The Department of Mathematics has received LS&A’s 1994 Departmental Award for Contributions to the Undergraduate Initiative. The department will receive $25,000 for its innovative efforts to improve undergraduate education.

Donald J. Lewis, chair and professor of mathematics, will recommend the department use the money to furnish a commons room for students and faculty when the department moves in 1996 to its new quarters in the south wing of the renovated East Engineering Building.

But it is the faculty who will decide how to spend the award, says Lewis, who credits the department’s success to the hard work of instructional staff at all levels.

In announcing the award at last Monday’s LS&A faculty meeting, Dean Edie N. Goldenberg cited a number of contributions the department has made to improve undergraduate education, including:

  • Redesign of Math 105 to better serve as an entry course to calculus, while also serving as a quantitative reasoning course for students with a somewhat limited math background.

  • “New Wave” calculus.

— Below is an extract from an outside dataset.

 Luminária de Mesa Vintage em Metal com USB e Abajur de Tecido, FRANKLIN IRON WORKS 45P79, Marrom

This program to redesign the approach to freshman calculus has drawn national attention. “New Wave” calculus incorporates technology and stresses an interactive/cooperative learning mode, requiring more time and effort on the part of faculty and students.

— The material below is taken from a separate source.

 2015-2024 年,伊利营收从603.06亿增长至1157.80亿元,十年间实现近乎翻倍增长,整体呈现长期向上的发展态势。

  • Improvements in Math 215 and 216, continuing efforts begun several years ago to use computers to compensate for students’ lack of three- and higher-dimensional geometric intuition.

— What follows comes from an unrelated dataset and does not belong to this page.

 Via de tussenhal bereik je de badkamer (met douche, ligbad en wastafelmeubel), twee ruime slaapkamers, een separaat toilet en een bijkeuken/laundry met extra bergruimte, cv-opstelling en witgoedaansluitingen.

  • Increased scheduling of tenured and tenure-track faculty for classes for first- and second-year students.

  • Playing a major role in formulation of LS&A’s new Quantitative Reasoning Requirement.

  • Impressive involvement of undergraduates in math research. For the last seven years the department has run the largest math research experience for undergraduates in the country, drawing 20 to 25 students each year to work with faculty.

    Lewis says the departmental changes are the result of a five-year evolution that originated for a variety of reasons, including student dissatisfaction with calculus courses.

    As the department has moved to a more interactive/cooperative learning mode, instructors have become coaches, not lecturers, Lewis explains. They work to help students develop their own responsibility for learning. Students help teach each other as they work together to solve deeper problems.

    “A lot of credit goes to the dean. You can’t do this kind of teaching in classes of 200. She made the funding available for smaller classes,” Lewis says.

    Noting that industry insists that employees be able to work on teams, Lewis says that students coming out of the new calculus curriculum know how to work as team members.

    Mathematics Prof. Morton Brown, who accepted the award on behalf of the department, recalls that beginning in 1986 a general understanding emerged around the country that there was a serious problem with math education.

    It was at that time that Brown became interested in the calculus problem and others started working on other areas of mathematics.

    “Don has been a very amenable leader, very accepting of people suggesting change and proactively encouraging change,” Brown says.

    Development of “New Wave” calculus has involved a lot of people, including senior and junior faculty and teaching assistants, Brown says. “There’s been a change of culture in a good part of the math department,” he adds.

    The Department of Mathematics has 55 tenured and tenure-track faculty, five visiting faculty, 25 three-year postdoctoral appointments and about 100 teaching assistants.

    The department’s biggest responsibility in terms of workload is teaching basic first- and second-year courses for students in LS&A, the College of Engineering and School of Nursing. The department typically has about 6,500 first-and second-year students enrolled in its courses in fall term and another 4,000 enrolled in winter term.

    The Departmental Award for Contributions to the Undergraduate Initiative was made for the first time a year ago, to the Department of Chemistry. Funding for the award comes from gifts to the College.